◆ Task brief
Every line of the listing below is to be duplicated exactly, with the pictures left out.

◆ Supplied information
____

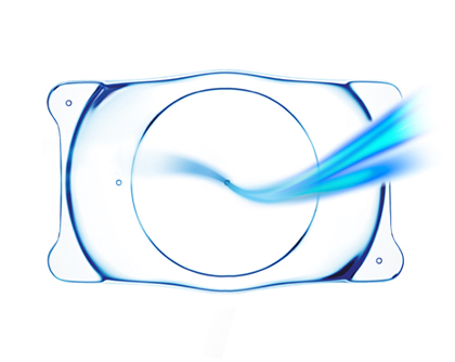 EVO+아쿠아 ICL은 Central FLOW 기술을 이용하여 중앙의 작은 홀(360㎛m)을 통해 자연스러운 방수의 흐름이 가능하게 함으로써 홍채절개술의 필요성을 없애 통증을 감소시켜 주었습니다. 이에 따라 홍채절제술을 위해 추가로 내원해야 했던 기존 ICL의 번거로움을 피할 수 있게 되었으며, 홍채절개부위에서 빛이 새어 들어와 나타나는 ‘흰줄현상’도 발생하지 않습니다.
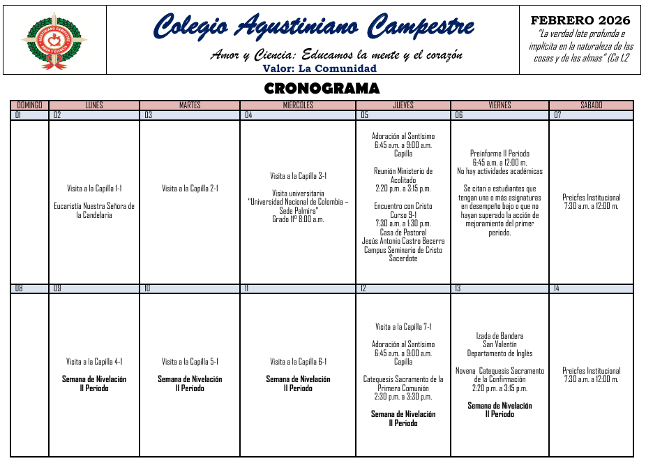 Un saludo de corazón agustiniano y un venturoso feliz año 2026 para estudiantes, padres, madres y/o acudientes. Compartimos con la comunidad educativa el cronograma de actividades correspondiente al mes de febrero de 2026. Sugerimos estar atentos a las fechas y eventos programados durante el mes.
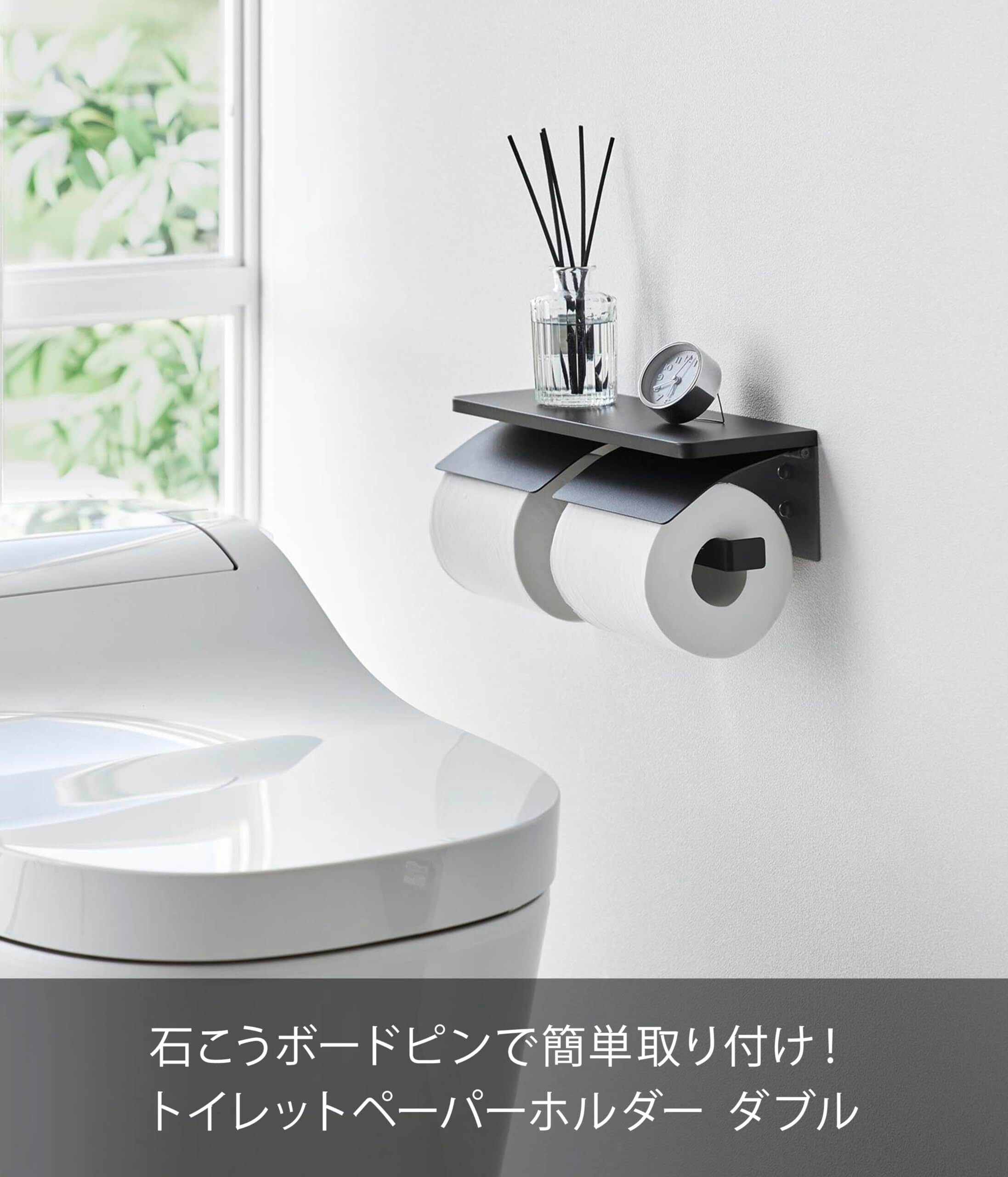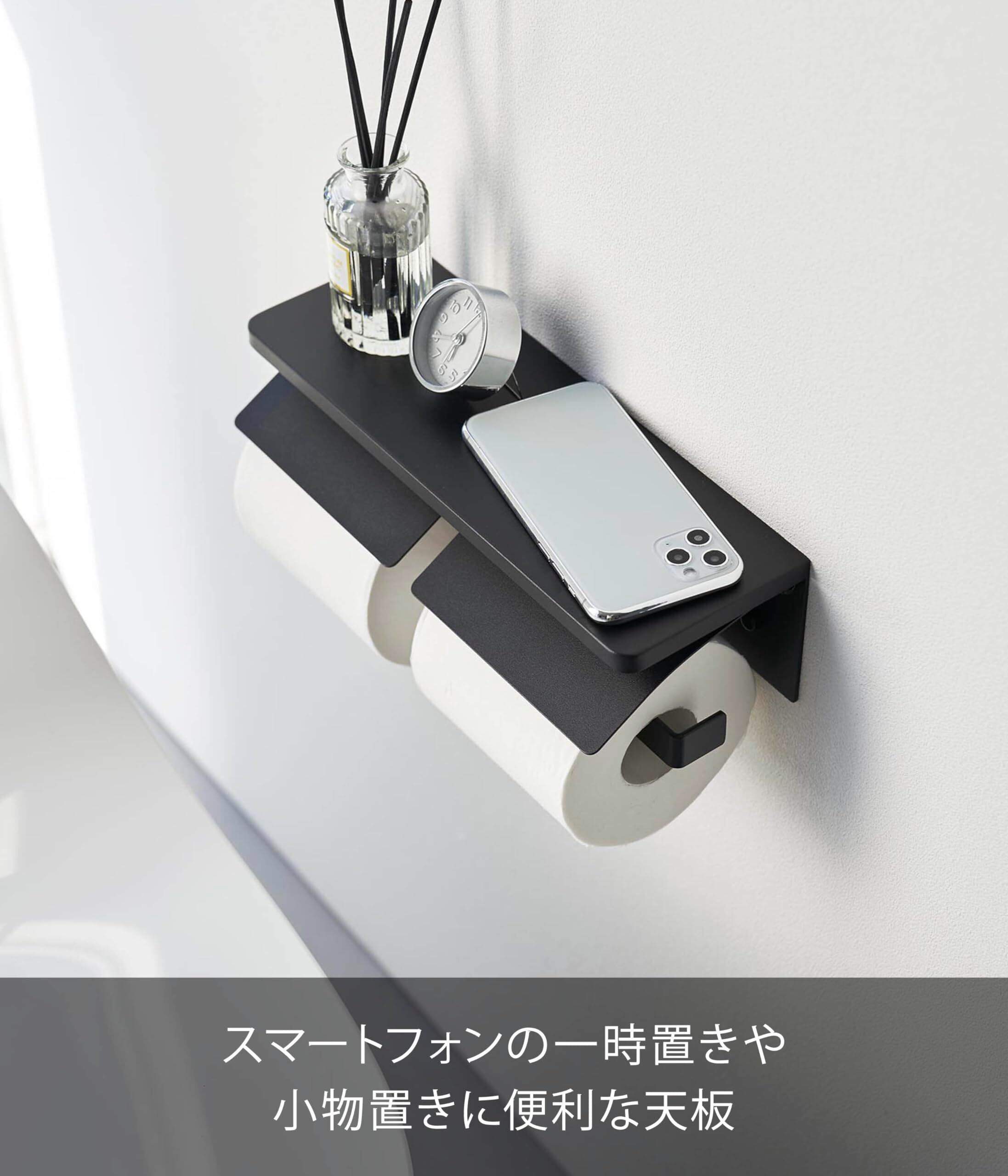 山崎実業(Yamazaki) 【石こうボードピンセット・木ネジ 付属】 ウォール トイレットペーパーホルダー ダブル 石こうボード壁対応 ブラック W28.5×D12×H8.5cm タワー tower 棚付き 1300 | Lulu
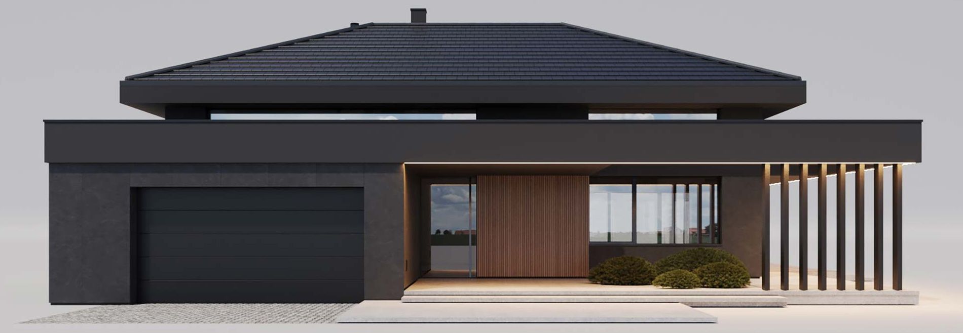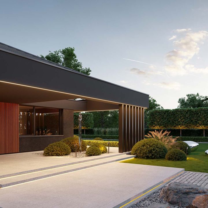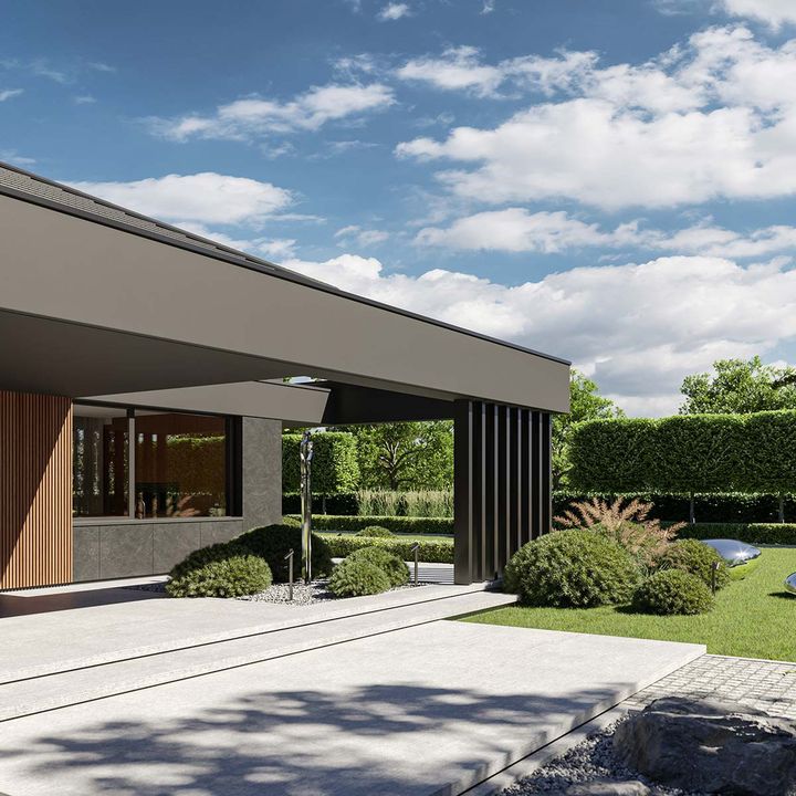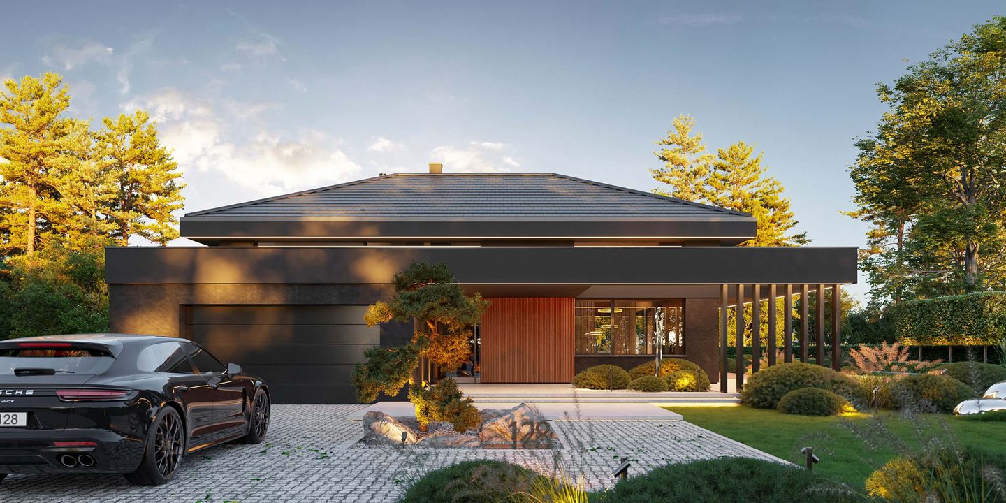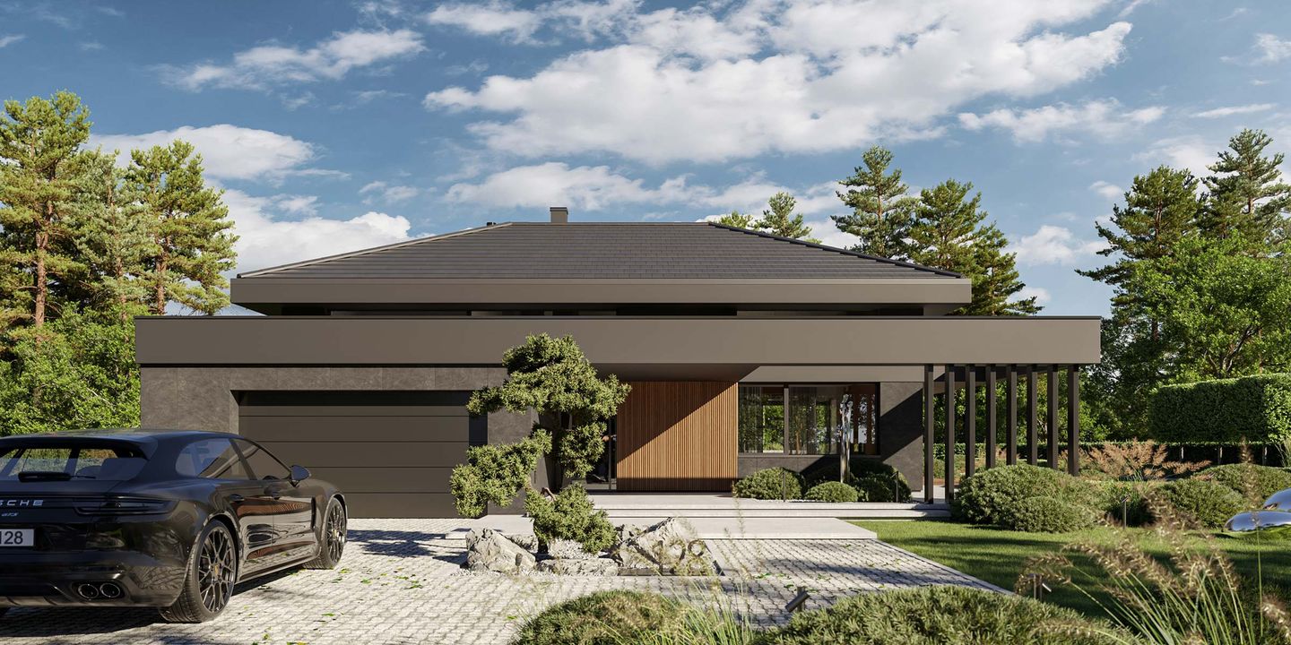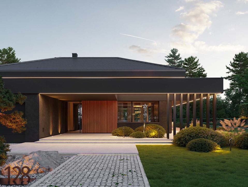 Graficzne opracowanie rzutów poglądowych widocznych na karcie projektu zostało wykonane przez Extradom.pl. Prezentowane przez Extradom.pl wizualizacje wykonane zostały przez autora projektu i należy poczytywać je jedynie za przykład i propozycję wykończenia, wizję architektoniczną autora projektu. Ostateczne wykończenie budynku może nastąpić na wiele sposobów. Szczegółowe rozwiązania zastosowane w oferowanej dokumentacji - w tym również ilość, lokalizacje i wygląd okien, drzwi, kominów - mogą w niewielkim stopniu różnić się od prezentowanej wizualizacji budynku.

____

◆ Result for this exercise
 EVO+아쿠아 ICL은 Central FLOW 기술을 이용하여 중앙의 작은 홀(360㎛m)을 통해 자연스러운 방수의 흐름이 가능하게 함으로써 홍채절개술의 필요성을 없애 통증을 감소시켜 주었습니다. 이에 따라 홍채절제술을 위해 추가로 내원해야 했던 기존 ICL의 번거로움을 피할 수 있게 되었으며, 홍채절개부위에서 빛이 새어 들어와 나타나는 ‘흰줄현상’도 발생하지 않습니다.
 Un saludo de corazón agustiniano y un venturoso feliz año 2026 para estudiantes, padres, madres y/o acudientes. Compartimos con la comunidad educativa el cronograma de actividades correspondiente al mes de febrero de 2026. Sugerimos estar atentos a las fechas y eventos programados durante el mes.
 山崎実業(Yamazaki) 【石こうボードピンセット・木ネジ 付属】 ウォール トイレットペーパーホルダー ダブル 石こうボード壁対応 ブラック W28.5×D12×H8.5cm タワー tower 棚付き 1300 | Lulu
 Graficzne opracowanie rzutów poglądowych widocznych na karcie projektu zostało wykonane przez Extradom.pl. Prezentowane przez Extradom.pl wizualizacje wykonane zostały przez autora projektu i należy poczytywać je jedynie za przykład i propozycję wykończenia, wizję architektoniczną autora projektu. Ostateczne wykończenie budynku może nastąpić na wiele sposobów. Szczegółowe rozwiązania zastosowane w oferowanej dokumentacji - w tym również ilość, lokalizacje i wygląd okien, drzwi, kominów - mogą w niewielkim stopniu różnić się od prezentowanej wizualizacji budynku.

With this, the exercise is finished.